Different levels of reliability and different features are reported as different and independent annotations. Each MobiDB annotation is identified by an ‘evidence-feature-source’ triplet which uniquely identifies one level of quality, type and source of annotation. Possible values for ‘evidence’ are: (i) ‘curated’, the annotation comes from a manually curated database; (ii) ‘derived’, the annotation is inferred automatically processing primary data, for example PDB structures are processed to detect missing, mobile and lip residues, (iii) ‘homology’, annotations are obtained aligning curated data and (iv) ‘prediction’, annotations are automatically extracted from the protein sequence. The ‘feature’ element of the triplet represents the type (or flavour) of the annotation, for example ‘disorder’, ‘missing_residues’, ‘binding_mode’, ‘lip’, etc. The ‘source’ element represents the annotation source which can be the name of a software, a third party database or the type of consensus. Possible values are: ‘mobidb_lite’, ‘disprot’, ‘merged’, ‘th_90’, etc. The full list and explanation of all available triplets is provided on the about page of the website.
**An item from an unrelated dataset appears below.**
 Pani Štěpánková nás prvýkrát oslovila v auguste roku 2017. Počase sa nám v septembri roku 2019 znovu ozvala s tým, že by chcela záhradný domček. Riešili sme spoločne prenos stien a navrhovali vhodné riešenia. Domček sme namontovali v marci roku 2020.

The main difference in MobiDB v4 as compared to the previous releases of MobiDB is the addition of novel functional aspects related to disordered regions, which are listed below and with a white background on the first block of Figure 1. These contribute to establishing links between conformational ensembles and their biological roles.
Binding modes of disordered regions refer to the conformational transitions of IDRs upon interacting with specific partners. IDRs can undergo disorder-to-order transitions and fold upon the template, or remain disordered (disorder-to-disorder transition) in a partner-bound form (36). Some IDRs exhibit both behaviors, and exhibit context-dependent binding with different partners or cellular conditions (37). These binding modes were assigned from collecting all bound-state experimental evidence from PDB, as defined in (36).
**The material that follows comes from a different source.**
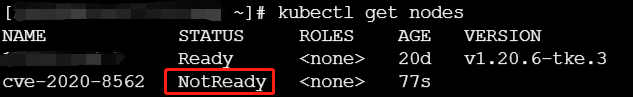 从上图红框处可以发现,此时我们创建的cve-2020-8562节点的状态为NotReady,但即使此时cve-2020-8562节点的状态为NotReady,也并不影响后续的利用流程。

MobiDB implementation identifies inter-chain binding regions and the mono-/multimeric state using the RING software (40). RING generates residue level contact-networks by identifying all types of non-covalent interactions at atomic level in a protein structure (PDB). The residue interaction network generated by RING is combined with data on disorder derived from missing residues. Comparison of disordered residues in free and bound form of the protein is used to define the different binding modes: disorder-to-order, disorder-to-disorder and context-dependent binding.
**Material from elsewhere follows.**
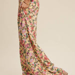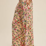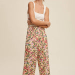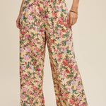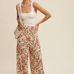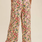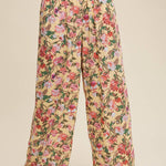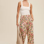These pants have a fully shirred waistband for a flexible and flattering fit. The wide-leg cut allows breezy movement and laid-back comfort. This pattern showcases a vibrant, painterly floral pattern on a soft backgrounds. Has a light weight fabric that is perfect for warmer weather and easy layering.

Interactions of disordered regions are realized via short peptide motifs (41). These linear motifs can be collected from the sequence within the Eukaryotic Linear Motif database (16) or predicted using automatic methods such as ANCHOR (42). MobiDB provides a different approach, by exploiting a new software, Fast Linear Interacting Peptides Predictor (FLIPPER), which is able to detect linear interacting peptides (LIPs) from protein structures (PDB). FLIPPER is a random forest classifier which exploits geometrical and physicochemical properties of linear interacting peptides. These properties include linearity, solvent accessibility difference in the bound and unbound state and the ratio of inter- vs. intra-chain contacts. The algorithm has been trained on the same examples used by ANCHOR and validated against DIBS and PixelDB examples. The software is a reimplementation of a published component of the previous MobiDB pipeline (43) and it is freely available from GitHub (https://github.com/BioComputingUP/FLIPPER). After processing the entire PDB, FLIPPER recognized about 6800 different proteins with at least one LIP. Approximately 4.5% of the residues in these proteins are contained in LIPs (see MobiDB statistics) which provide a bona fide dataset for the implementation of novel sequence based predictors and statistical/functional analyses.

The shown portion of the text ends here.